Hi I'm using the dataPreprocess.outlier action set in CAS. Using the IQR method i get an error message "ERROR: The calculation of percentiles did not converge. You might want to adjust the tolerance or the maximum number of iterations."

I've tried several settings of the tolerance and maxiterations without any success. Since I've never seen this before I can't really create a simple sharable data set.

 

The data I'm running with is residuals from a simpel exponential smooth done with proc TSmodel. 

 

Changing to method zscore does run the process smoothly.

 

Does anybody have an idea of why and hat can be done to fix.

Thanks Pål N

8 REPLIES 8
acordes
Rhodochrosite | Level 12

Show your CAS action code. 

I've been running into many of these errors with CAS actions (nevertheless I love them) and the log often does not point you in the right direction. It's not self-explanatory

PaalNavestad
Pyrite | Level 9

Thanks here is the code. Yes I agree the actionset is overall good. Just something about the data. I'm checking for outliers on data coming from a simple exponential forecast from TSModel. There is 469 different by groups all with approx. 880 observations. We run similar workflows on other data and have had no challenges.

proc cas;
	session casauto;
		dataPreprocess.outlier /                          
	      table={name="forecast"
	 			caslib="casuser"
				groupby={"unique_id"}
				}
		inputs={"Error"}
		method= "IQR"
		treatment = "trim"
		outVarsNamePrefix=""
	    outVarsNameSuffix="excl_Outl"
		countOutliers="True"
	    arguments={ scaleMultiplier=1.5 } 
		copyVars = {"unique_id" , "ACTUAL", "PREDICT", "ERROR", "prdate"}
		casout = {caslib="casuser" name="new_withoutl" replace= true}
		casOutOutlierInformation={caslib="casuser" name="OutlierStat" replace=True}
		;
run;

The log writes as this

84 proc cas;
85 session casauto;
86 dataPreprocess.outlier /
87 table={name="forecast"
88 caslib="casuser"
89 groupby={"unique_id"}
90 }
91 inputs={"Error"}
92 method= "IQR"
93 treatment = "trim"
94 outVarsNamePrefix=""
95 outVarsNameSuffix="excl_Outl"
96 countOutliers="True"
97 arguments={ scaleMultiplier=1.5 }
98 copyVars = {"unique_id" , "ACTUAL", "PREDICT", "ERROR", "prdate"}
99 casout = {caslib="casuser" name="new_withoutl" replace= true}
100 casOutOutlierInformation={caslib="casuser" name="OutlierStat" replace=True}
101 ;
102 run;
NOTE: Active Session now casauto.
ERROR: The calculation of percentiles did not converge. You might want to adjust the tolerance or the maximum number of iterations.
ERROR: The calculation of percentiles did not converge. You might want to adjust the tolerance or the maximum number of iterations.
ERROR: The calculation of percentiles did not converge. You might want to adjust the tolerance or the maximum number of iterations.
ERROR: The calculation of percentiles did not converge. You might want to adjust the tolerance or the maximum number of iterations.
ERROR: The action stopped due to errors.
103
 

Just switching to zscore as the outlier method everything works.

 

 

acordes
Rhodochrosite | Level 12

I've applied your code to my data making only the necessary changes to get it run. 

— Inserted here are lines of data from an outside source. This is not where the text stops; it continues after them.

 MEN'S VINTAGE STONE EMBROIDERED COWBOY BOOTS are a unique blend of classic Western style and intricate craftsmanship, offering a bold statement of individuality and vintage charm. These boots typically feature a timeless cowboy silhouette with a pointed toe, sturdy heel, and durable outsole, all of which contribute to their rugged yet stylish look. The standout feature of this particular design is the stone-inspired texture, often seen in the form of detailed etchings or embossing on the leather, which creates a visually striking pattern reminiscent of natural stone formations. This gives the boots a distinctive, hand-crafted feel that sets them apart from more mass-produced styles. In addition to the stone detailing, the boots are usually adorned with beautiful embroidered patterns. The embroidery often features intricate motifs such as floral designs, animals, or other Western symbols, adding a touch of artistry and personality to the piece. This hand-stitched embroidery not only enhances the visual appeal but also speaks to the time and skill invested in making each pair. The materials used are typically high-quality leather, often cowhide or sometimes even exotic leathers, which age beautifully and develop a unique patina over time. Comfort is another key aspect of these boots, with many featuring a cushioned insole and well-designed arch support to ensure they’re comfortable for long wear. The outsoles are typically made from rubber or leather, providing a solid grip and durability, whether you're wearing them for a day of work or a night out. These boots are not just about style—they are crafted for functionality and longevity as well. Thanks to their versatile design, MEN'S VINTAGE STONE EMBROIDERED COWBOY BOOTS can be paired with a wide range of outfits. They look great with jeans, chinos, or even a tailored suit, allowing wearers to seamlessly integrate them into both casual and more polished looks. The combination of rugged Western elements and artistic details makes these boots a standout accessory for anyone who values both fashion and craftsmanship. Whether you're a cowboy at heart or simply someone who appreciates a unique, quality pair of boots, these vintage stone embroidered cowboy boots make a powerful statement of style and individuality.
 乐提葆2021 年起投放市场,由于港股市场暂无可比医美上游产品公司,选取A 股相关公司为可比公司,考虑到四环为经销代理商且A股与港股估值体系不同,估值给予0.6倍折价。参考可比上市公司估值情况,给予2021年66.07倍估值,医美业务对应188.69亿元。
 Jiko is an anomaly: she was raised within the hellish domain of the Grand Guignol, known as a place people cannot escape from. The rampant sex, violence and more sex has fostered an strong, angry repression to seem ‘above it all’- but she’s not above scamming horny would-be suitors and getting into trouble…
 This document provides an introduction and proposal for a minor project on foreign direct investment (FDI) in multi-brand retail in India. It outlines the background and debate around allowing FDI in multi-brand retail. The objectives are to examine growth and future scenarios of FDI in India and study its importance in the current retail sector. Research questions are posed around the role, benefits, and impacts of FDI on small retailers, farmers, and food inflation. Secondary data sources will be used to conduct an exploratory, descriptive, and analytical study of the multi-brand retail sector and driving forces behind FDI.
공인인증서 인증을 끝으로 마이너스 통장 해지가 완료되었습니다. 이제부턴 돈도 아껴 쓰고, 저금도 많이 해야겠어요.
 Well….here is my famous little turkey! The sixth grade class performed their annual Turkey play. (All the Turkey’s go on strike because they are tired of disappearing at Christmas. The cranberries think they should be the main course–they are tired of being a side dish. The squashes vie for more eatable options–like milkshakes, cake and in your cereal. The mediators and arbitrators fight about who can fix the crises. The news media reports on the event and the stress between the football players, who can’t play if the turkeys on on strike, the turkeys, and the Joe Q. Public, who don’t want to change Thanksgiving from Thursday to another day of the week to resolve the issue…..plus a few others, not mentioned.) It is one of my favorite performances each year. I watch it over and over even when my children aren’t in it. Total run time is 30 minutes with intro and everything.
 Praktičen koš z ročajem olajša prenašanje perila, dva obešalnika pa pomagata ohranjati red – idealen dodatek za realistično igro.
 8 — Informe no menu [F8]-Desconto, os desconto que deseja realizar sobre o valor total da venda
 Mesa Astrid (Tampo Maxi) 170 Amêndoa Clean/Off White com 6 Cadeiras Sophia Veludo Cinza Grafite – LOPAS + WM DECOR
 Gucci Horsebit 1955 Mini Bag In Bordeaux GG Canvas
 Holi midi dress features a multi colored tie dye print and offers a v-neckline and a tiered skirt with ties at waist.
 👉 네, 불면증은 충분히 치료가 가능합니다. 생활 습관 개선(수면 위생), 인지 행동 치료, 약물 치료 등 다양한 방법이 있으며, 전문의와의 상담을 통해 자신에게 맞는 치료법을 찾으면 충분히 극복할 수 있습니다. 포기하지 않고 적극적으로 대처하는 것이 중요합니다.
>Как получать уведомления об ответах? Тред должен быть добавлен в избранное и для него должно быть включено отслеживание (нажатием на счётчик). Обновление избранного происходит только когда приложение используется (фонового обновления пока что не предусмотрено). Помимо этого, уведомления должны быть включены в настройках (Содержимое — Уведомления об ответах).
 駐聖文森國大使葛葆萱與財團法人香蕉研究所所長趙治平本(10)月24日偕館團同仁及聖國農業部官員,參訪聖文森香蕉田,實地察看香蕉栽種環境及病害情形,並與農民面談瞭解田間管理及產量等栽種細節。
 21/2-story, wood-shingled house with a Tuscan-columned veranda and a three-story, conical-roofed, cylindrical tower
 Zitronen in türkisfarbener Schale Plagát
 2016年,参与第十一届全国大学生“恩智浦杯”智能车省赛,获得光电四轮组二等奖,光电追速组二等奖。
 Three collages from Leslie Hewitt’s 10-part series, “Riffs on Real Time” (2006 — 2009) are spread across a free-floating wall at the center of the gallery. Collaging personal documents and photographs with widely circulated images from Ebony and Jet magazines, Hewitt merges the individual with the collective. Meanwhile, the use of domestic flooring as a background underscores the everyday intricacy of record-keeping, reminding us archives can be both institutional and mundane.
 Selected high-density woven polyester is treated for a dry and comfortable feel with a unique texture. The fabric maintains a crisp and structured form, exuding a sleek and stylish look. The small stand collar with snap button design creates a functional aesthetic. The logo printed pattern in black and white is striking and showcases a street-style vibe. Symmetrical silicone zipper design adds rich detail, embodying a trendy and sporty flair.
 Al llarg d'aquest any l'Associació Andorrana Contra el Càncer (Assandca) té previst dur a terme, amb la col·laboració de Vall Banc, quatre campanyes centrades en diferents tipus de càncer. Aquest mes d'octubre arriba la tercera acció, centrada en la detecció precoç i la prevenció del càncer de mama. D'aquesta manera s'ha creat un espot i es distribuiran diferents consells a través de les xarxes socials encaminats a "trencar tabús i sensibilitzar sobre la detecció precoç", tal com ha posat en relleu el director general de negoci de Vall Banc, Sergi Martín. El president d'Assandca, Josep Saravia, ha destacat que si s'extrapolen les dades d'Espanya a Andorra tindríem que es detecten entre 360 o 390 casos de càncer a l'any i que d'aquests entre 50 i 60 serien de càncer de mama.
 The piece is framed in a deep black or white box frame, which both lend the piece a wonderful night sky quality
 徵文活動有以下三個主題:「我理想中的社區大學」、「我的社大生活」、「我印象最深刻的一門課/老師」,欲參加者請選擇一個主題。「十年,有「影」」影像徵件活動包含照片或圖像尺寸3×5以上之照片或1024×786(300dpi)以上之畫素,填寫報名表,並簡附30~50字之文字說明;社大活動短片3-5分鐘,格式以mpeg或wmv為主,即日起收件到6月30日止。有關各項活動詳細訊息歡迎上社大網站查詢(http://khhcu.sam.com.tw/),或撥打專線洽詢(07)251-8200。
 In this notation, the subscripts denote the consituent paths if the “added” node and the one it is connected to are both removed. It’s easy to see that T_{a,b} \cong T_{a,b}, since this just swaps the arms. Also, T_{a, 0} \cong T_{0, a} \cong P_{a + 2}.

I cannot reproduce the error. 

I've tried with a variable which is normally distributed within each group. 

And I've tried with a variable having a constant value over all observations. 

It works for me. 

 

Have you tried with a different variable?

 

pic.pngpic1.png

PaalNavestad
Pyrite | Level 9

Yes, and from the data I have a challenge with I've run a smaller subset of data and it runs. In the data there are 4 groups that has missing residuals removeing these did not help, and one of them runs. I also have approx. 50 groups that are constant, again removing does not work and running one or two of these does run.

 

Strange also that zscore runs which I think is a more complex method.

 

At the moment I'm not that concerned about the method I'm running, I needed the structure to go further. 

 

I think I will report as a bug in the track system, unless omebody from SAS picks tis up with asuggestion.

 

Thanks for your interest.

 

taiphe
SAS Employee

The error message is from Percentile action. It happens when the parameter percentileTolerance is too small or the percentileMaxIterations is low. You can try adjust the parameter values to obtain the percentile result. Try this:

percentileTolerance=0.1

percentileMaxIterations=20

PaalNavestad
Pyrite | Level 9

Thanks taiphe, still do not work. I do not have time to test this using the percentiles method directly. I discussed with local support and create a track so I can attach data and so that SAS can try and see why.

 

It seems to me that it might have something to do with the number of groups.

 

And this error is not stopping progress for me. 

 

Pål N

 

PaalNavestad
Pyrite | Level 9

Problem reported as a track. Track number: 7613580754

 

taiphe
SAS Employee

Thanks for the info! I will forward the ticket to our percentile action support.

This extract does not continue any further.